WHAT THE TASK ASKS =
In the listing below, the lines starting at the line with "3、点击目标车辆进入详情页面,查看实拍图片并获取联系电话。" and ending at the line with "โดยขบวนเรือชักพระ มีแม่ขวัญจิตร ศรีประจันต์" are to be output verbatim. Images stay out of the copy.

INFORMATION PROVIDED =
++++++++
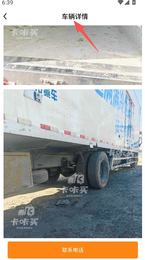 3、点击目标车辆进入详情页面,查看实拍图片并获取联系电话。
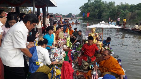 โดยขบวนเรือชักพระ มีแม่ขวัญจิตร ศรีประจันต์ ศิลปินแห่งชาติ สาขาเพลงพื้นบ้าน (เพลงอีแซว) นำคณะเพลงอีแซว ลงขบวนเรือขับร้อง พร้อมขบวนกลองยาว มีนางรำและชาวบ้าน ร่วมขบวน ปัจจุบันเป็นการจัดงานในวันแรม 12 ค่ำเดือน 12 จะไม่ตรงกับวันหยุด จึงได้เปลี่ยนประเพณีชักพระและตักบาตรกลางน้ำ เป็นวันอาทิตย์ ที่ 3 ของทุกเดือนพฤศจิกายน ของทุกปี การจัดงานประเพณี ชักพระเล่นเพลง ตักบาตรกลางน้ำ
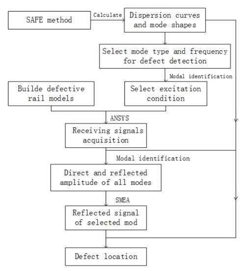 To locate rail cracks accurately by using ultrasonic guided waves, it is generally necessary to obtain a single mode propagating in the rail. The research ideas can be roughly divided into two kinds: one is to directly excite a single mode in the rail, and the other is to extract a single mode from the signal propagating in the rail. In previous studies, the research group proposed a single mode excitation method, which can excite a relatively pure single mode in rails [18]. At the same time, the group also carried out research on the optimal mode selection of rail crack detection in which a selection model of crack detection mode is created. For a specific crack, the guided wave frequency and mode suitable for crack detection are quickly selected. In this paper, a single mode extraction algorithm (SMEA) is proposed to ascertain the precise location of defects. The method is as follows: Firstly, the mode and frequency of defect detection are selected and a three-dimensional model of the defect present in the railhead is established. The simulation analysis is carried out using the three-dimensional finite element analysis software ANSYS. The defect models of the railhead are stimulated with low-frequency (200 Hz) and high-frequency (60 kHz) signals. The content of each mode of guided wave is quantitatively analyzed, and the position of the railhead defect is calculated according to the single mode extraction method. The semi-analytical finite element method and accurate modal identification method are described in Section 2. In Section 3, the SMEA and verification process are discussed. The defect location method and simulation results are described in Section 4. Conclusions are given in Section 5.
++++++++
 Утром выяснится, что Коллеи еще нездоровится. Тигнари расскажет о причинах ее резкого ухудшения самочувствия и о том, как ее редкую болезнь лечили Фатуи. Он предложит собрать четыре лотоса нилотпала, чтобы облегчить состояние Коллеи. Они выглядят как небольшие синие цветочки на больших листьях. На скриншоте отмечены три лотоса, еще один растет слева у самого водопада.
++++++++
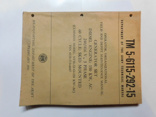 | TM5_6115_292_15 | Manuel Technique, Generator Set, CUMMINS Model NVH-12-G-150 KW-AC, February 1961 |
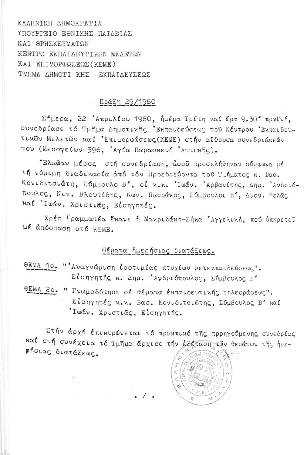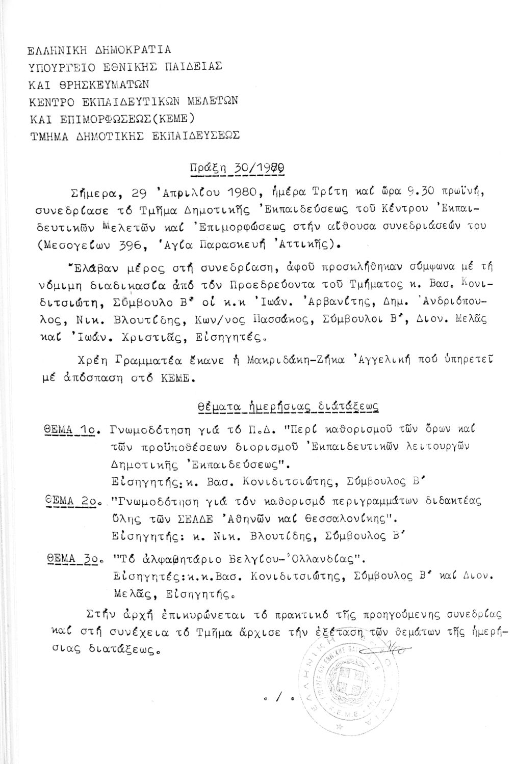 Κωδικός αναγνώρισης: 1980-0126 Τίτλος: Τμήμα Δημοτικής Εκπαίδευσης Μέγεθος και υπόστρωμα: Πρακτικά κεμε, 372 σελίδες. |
++++++++
YOUR SOLUTION =
 3、点击目标车辆进入详情页面,查看实拍图片并获取联系电话。
 โดยขบวนเรือชักพระ มีแม่ขวัญจิตร ศรีประจันต์ ศิลปินแห่งชาติ สาขาเพลงพื้นบ้าน (เพลงอีแซว) นำคณะเพลงอีแซว ลงขบวนเรือขับร้อง พร้อมขบวนกลองยาว มีนางรำและชาวบ้าน ร่วมขบวน ปัจจุบันเป็นการจัดงานในวันแรม 12 ค่ำเดือน 12 จะไม่ตรงกับวันหยุด จึงได้เปลี่ยนประเพณีชักพระและตักบาตรกลางน้ำ เป็นวันอาทิตย์ ที่ 3 ของทุกเดือนพฤศจิกายน ของทุกปี การจัดงานประเพณี ชักพระเล่นเพลง ตักบาตรกลางน้ำ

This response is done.